Technorati’s crawler is eight days behind and misses a number of key items. If you hit reload it will switch from between being eight days old and 30 minutes old. OK. How’s that possible? I’m willing to be they have a federated backend infrastructure but keeping it this inconsistent is not a good idea.

Bloglines search showed the most promise with the ability for me to add the blogs I wanted to search and just search within that subset but it was missing a number of stories which should have been in the results.

If I had infinite time I’d just sit down for a weekend and write my own blog search engine that only crawled a few blogs and focused on precision and indexing rate. Spam wouldn’t really be an issue since we would only crawl blogs on behalf of a given user.

Anyone have any suggestions on solution so I don’t have to spend next weekend coding a new service?


  1. You mean, you want to monitor a specific subset a blogs, for specific terms?

    …. I would just pull them down once an hour with the Universal Feed Parser and then do a strstr() and then dump the results into an Atom feed…..

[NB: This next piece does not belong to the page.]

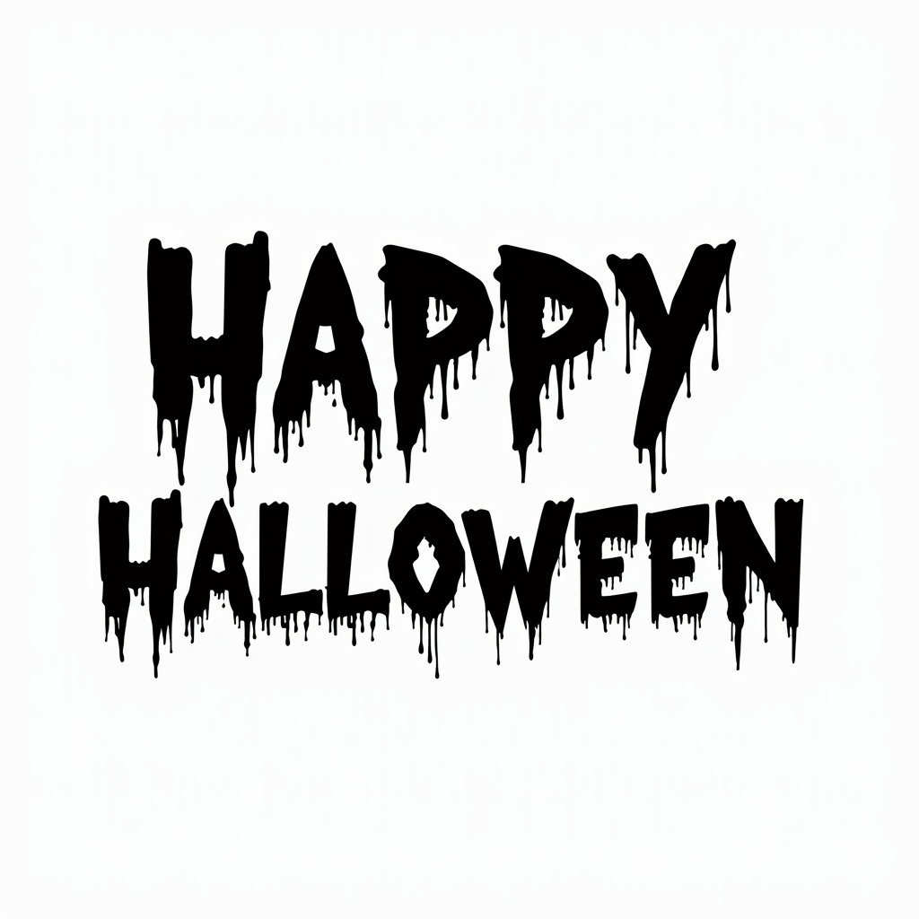 A black and white image of the words Happy Halloween with dripping letters.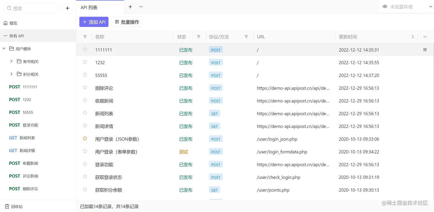 2)筛选API标记:可以筛选有星标和无星标的API数据

    Traditional ‘search’ just isn’t good that what you are asking. There are lots of places and reasons things go ‘missing’… and it mostly relates to most people are retrofitting engines designed for whole web crawling where it “wouldn’t matter”.

    If you have a specific query/site, I can check and see if there is a cause for something missing from Ask/Blogline’s Search…..

  2. Yeah…. I sort of agree. I think that implementing it on top of MySQL fulltext searc would be just as easy as using a manual parser. This way you could support adhoc queries without having to recompile your indexer.

    I think the issue with Ask Blog Search is that I couldn’t search a specific blog.

    The reason I wanted to go down this path was to remove any chance of global spam hurting my results….

    Bloglines search would have been perfect though…. It seems like it should do exactly what I want. In this case it was missing results from some main blogs. Any idea why? Maybe the index isn’t rebuilt at a regular basis?

    Kevin

  3. The there issues is that for the most part using RSS might not work due to the fact that a lot of the A-lister s use summary feeds. :-/

    The one specific case I have isn’t an issue though……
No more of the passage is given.